Member of the Parliament of England

Arms of Lisle of Wootton, Isle of Wight: Or, on a chief azure three lions rampant of the first

Sir John VI Lisle (1406–1471) was an English landowner, soldier, administrator, and politician from Wootton on the Isle of Wight.

==Origins==
Born about 1406, he was the son and heir of the MP Sir John V Lisle and his wife Margaret Bramshott, daughter of John Bramshott. Prominent since the time of King Stephen on the Isle of Wight, then part of Hampshire, the Lisle family wrote their name in Latin as “de Insula” and in French as “de l'Isle”, both meaning “of the Island”. As well as supplying Sheriffs and MPs for the county, two of his ancestors had been summoned to Parliament as barons under King Edward I.

==Career==
By 1427 he reached majority, in that year being first included in the electoral roll for Hampshire and in 1433 being elected as the county's Member of Parliament. Knighted in 1436, he served as Sheriff of Wiltshire in 1438 and then as Sheriff of Hampshire in 1439. From 1440 to 1470 he was appointed to at least 40 royal commissions in Hampshire and sat as a justice of the peace for the county from 1441 until his death.

After military service in the Duke of Somerset's expedition that sailed to France in 1443, he returned to England and in 1448 acquired the wardship of John Philpot, who he married to one of his daughters. After serving a second term as MP for Hampshire in the Parliament of February 1449, he went back to the war in France, serving in 1453 as a King's knight in Aquitaine with a force of 20 spearmen and 200 archers. In 1461 he rallied to Yorkist rule and, pardoned with other Lancastrians in 1462, then served on Yorkist royal commissions.

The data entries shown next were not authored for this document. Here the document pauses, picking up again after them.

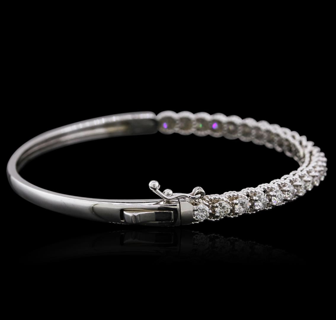 One electronically tested 14KT white gold ladies cast diamond bangle bracelet with a hidden box clasp with safety closer with a bright polish finish. Identified with markings of "14K". Condition is new. Containing: Twenty-Five prong set round brilliant cut diamonds, measuring 2.50 - 2.50 x 1.50mm (depth est.) approximate total weight of 25 Stones = 1.63ct. Clarity: SI-1 to SI-2. Color: H - I, Cut is Good. All diamonds are graded in the mounting, unless otherwise stated. Total Weight of Diamonds 1.63ct. Total Weight of Bangle Bracelet 10.70 grams. GGL Appraised at $5,015.00.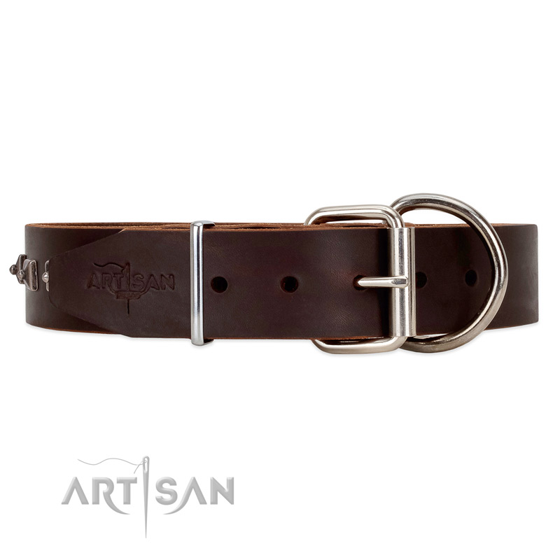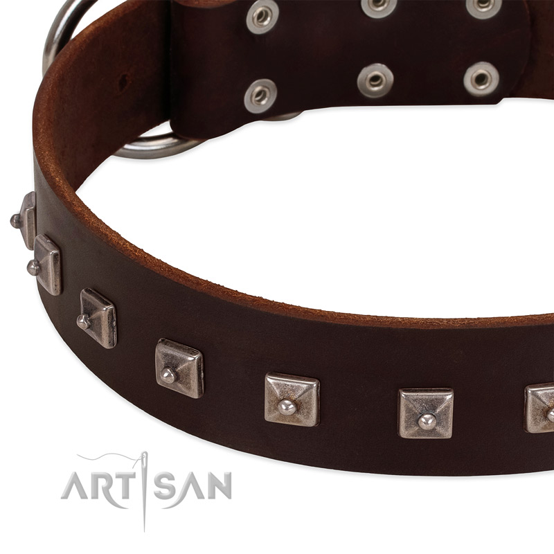Would you like to find a collar for everyday walks but with some special decoration? This wonderful brown leather collar with cool unique decorations helps you to control your dog on everyday walks, and at the same time, it's completely safe and comfortable for skin and fur of your canine. This extraordinary FDT Artisan collar is exactly what you are looking for!
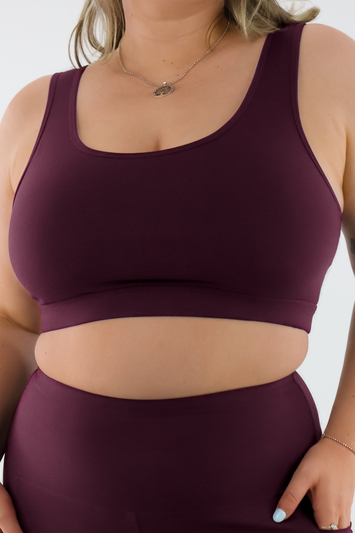 The Plum Crop Top wraps you in deep berry tones and buttery-soft comfort. With a reversible design that can be worn high neck or scoop, it gives you two flattering looks in one. Double lined and lightly supportive, it’s designed to move with you through lazy mornings, busy afternoons or chill nights in.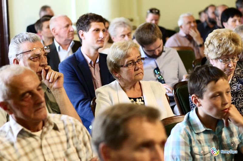 Sala ratuszowa szybko zapełniła się gośćmi, których powitał - prowadzacy spotkanie - Jerzy Leśniak i zaprezentował najnowszy tom Rocznika Sądeckiego, który poświęcony jest dwóm zasłużonym postaciom - Józefowi Jungiewiczowi, działaczowi "Solidarności" i wojewodzie nowosądeckiemu z początku lat 90., a także dr Józefowi Hamplowi, historykowi Uniwersytetu Pedagogicznego w Krakowie, związanemu przez wiele lat z Rocznikiem Sądeckim. Wraz z wydawnictwem, w ramach cyklu Biblioteka Rocznika Sądeckiego, ukazały się również dwie książeczki. Pierwsza z nich autorstwa Andrzeja Górszczyka, Jerzego Leśniaka i Leszka Migrały pt. "Sto scen z historii Nowego Sącza 1292-2017". Natomiast autorem drugiej książeczki jest prof. Tadeusz Aleksander, a jej tytuł to "Z dziejów rodu Aleksandrów".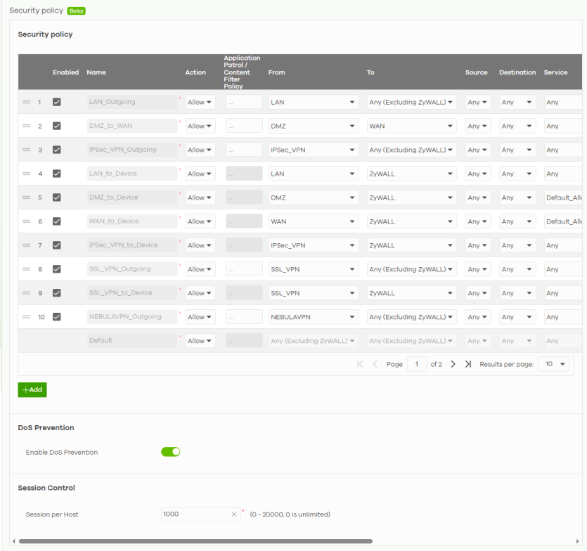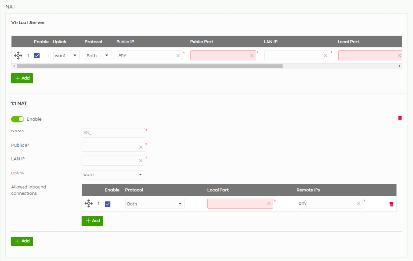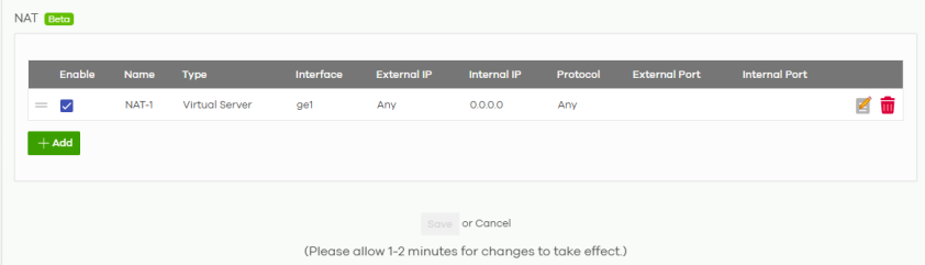 Proxy ARP | Proxy ARP (RFC 1027) allows the Nebula Device to answer external interface ARP requests on behalf of a device on its internal interface. Click Add new to add the IP address or IP range of devices that the interface will answer proxy ARP requests for. |

He made his will on 21 October 1468, asking to be buried at Thruxton in Hampshire, and died on 21 January 1471, leaving to his son lands in the Isle of Wight, Wiltshire, Dorset, and Devon. His will was proved on 6 November 1471.

==Family==
He married Anne Botreaux, daughter and heiress of John Botreaux and niece of William VI Botreaux, 3rd Baron Botreaux, with whom he had the four children named in his will:
- Sir Nicholas Lisle, who married Elizabeth Rogers.
- Margaret Lisle, who married John Rogers.
- Elizabeth Lisle, who married John Philpot (one of his executors).
- Anne Lisle, who became a nun at Amesbury Priory.

After his first wife's death, he married Isabel, widow of Richard Horne and mother of Gervase Horne (born about 1454), who survived him and acted as one of his executors. They had two children named in his will:
- Jane Lisle.
- William Lisle.
She married a third time to Thomas Beauchamp and died on 7 October 1484.